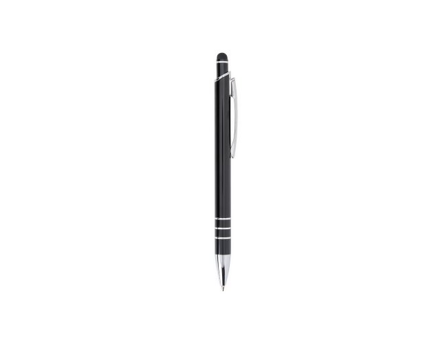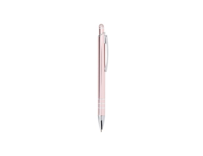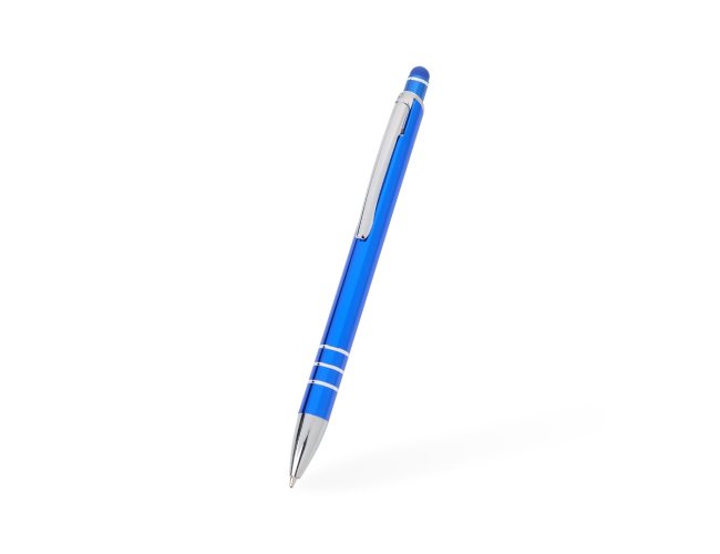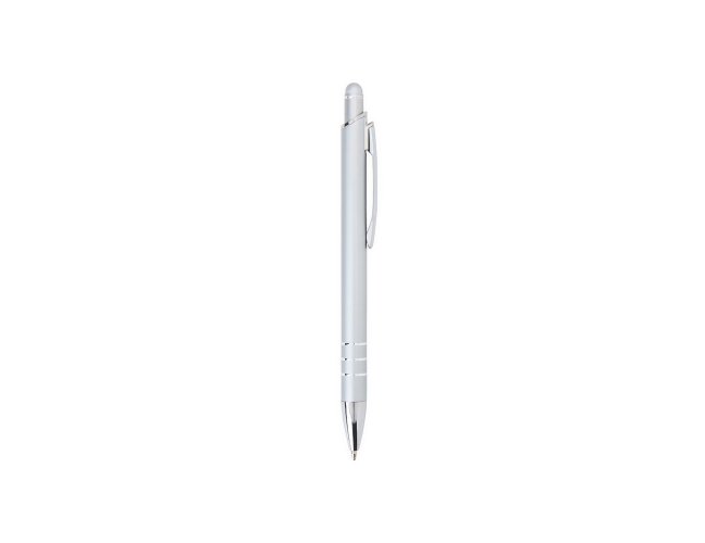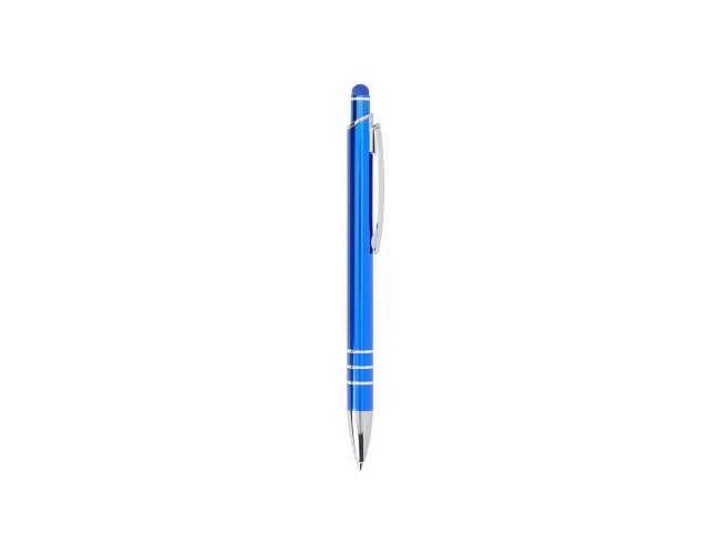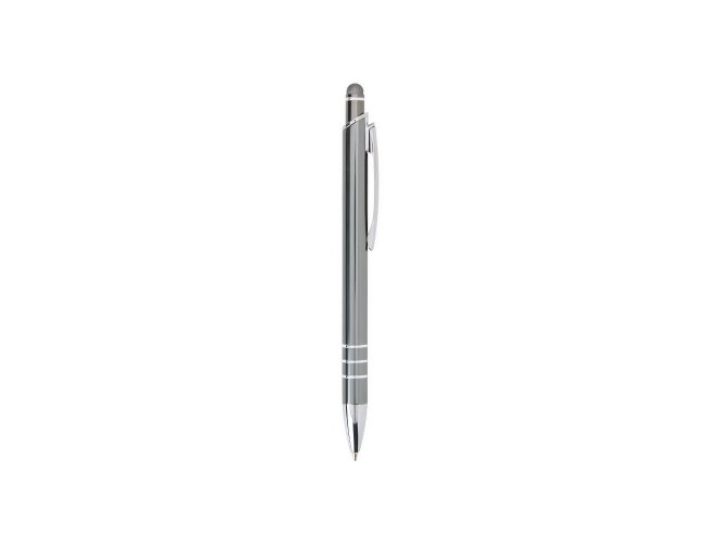 Caneta metálica com acionador touch, clipe metálico e ponteira plástica. Carga esferográfica azul 1.0mm e acionamento por clique.
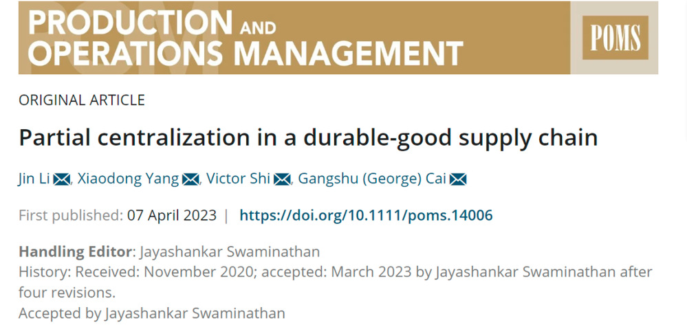 近日,我校李进教授作为第一作者的学术论文《Partial Centralization in a Durable-Good Supply Chain》在管理科学和管理学领域顶级期刊《Production and Operations Management(POM)》发表,合作者为: Xiaodong Yang(上海对外经贸大学)、Victor Shi(Wilfrid Laurier University)和Gangshu (George) Cai(Santa Clara University)。该研究成果实现了我校在国际顶级UTD期刊以第一作者发表论文零的突破。
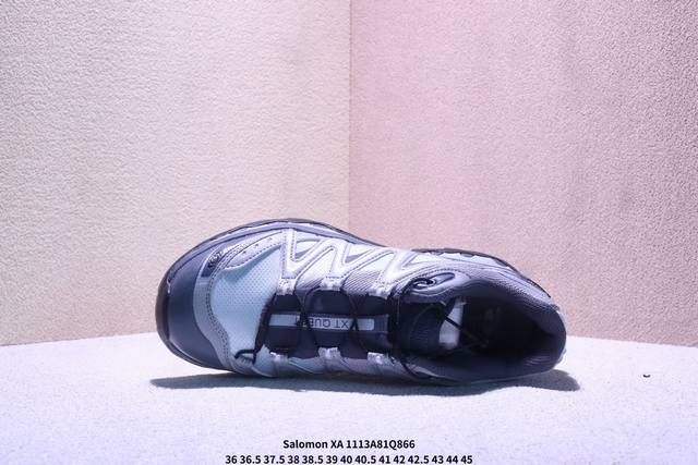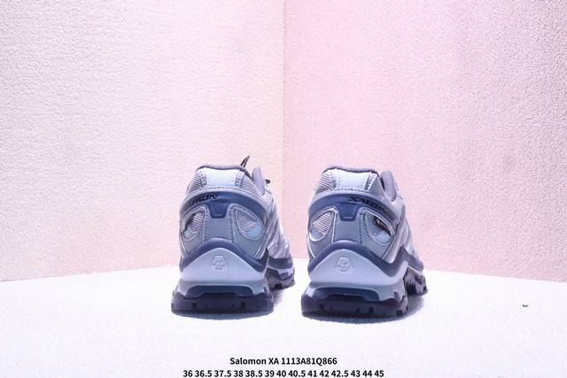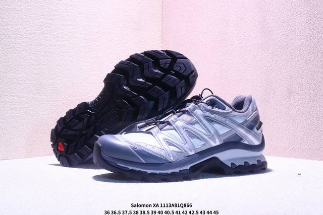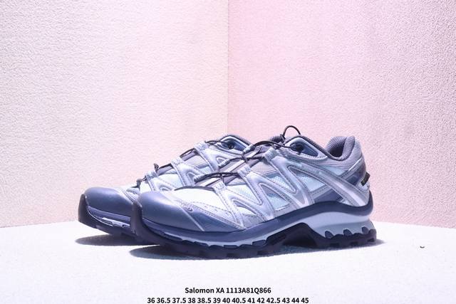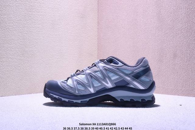 Salomon Xa pro 3D Suede outdoor trail running shoes feature a Sensifit fit upper that provides a full-body wrap around the foot, a traction design in the heel and sole for superior grip, making them ideal for rough terrain. The lightweight 3D Advanced Chassis chassis material and maximized lug design offer enhanced stability and protection. The outsole utilizes Contagrip high-abrasion material in high-wear areas to withstand the challenges of long-distance running on hard urban surfaces. DDD Xm1113Q866 DDD

● Work to complete:
Only the lines from the top of the material above down to the line bearing "近日,我校李进教授作为第一作者的学术论文《Partial Centralization in", that line included, should be set down exactly; no pictures.

● Answer space:
 Caneta metálica com acionador touch, clipe metálico e ponteira plástica. Carga esferográfica azul 1.0mm e acionamento por clique.
 近日,我校李进教授作为第一作者的学术论文《Partial Centralization in a Durable-Good Supply Chain》在管理科学和管理学领域顶级期刊《Production and Operations Management(POM)》发表,合作者为: Xiaodong Yang(上海对外经贸大学)、Victor Shi(Wilfrid Laurier University)和Gangshu (George) Cai(Santa Clara University)。该研究成果实现了我校在国际顶级UTD期刊以第一作者发表论文零的突破。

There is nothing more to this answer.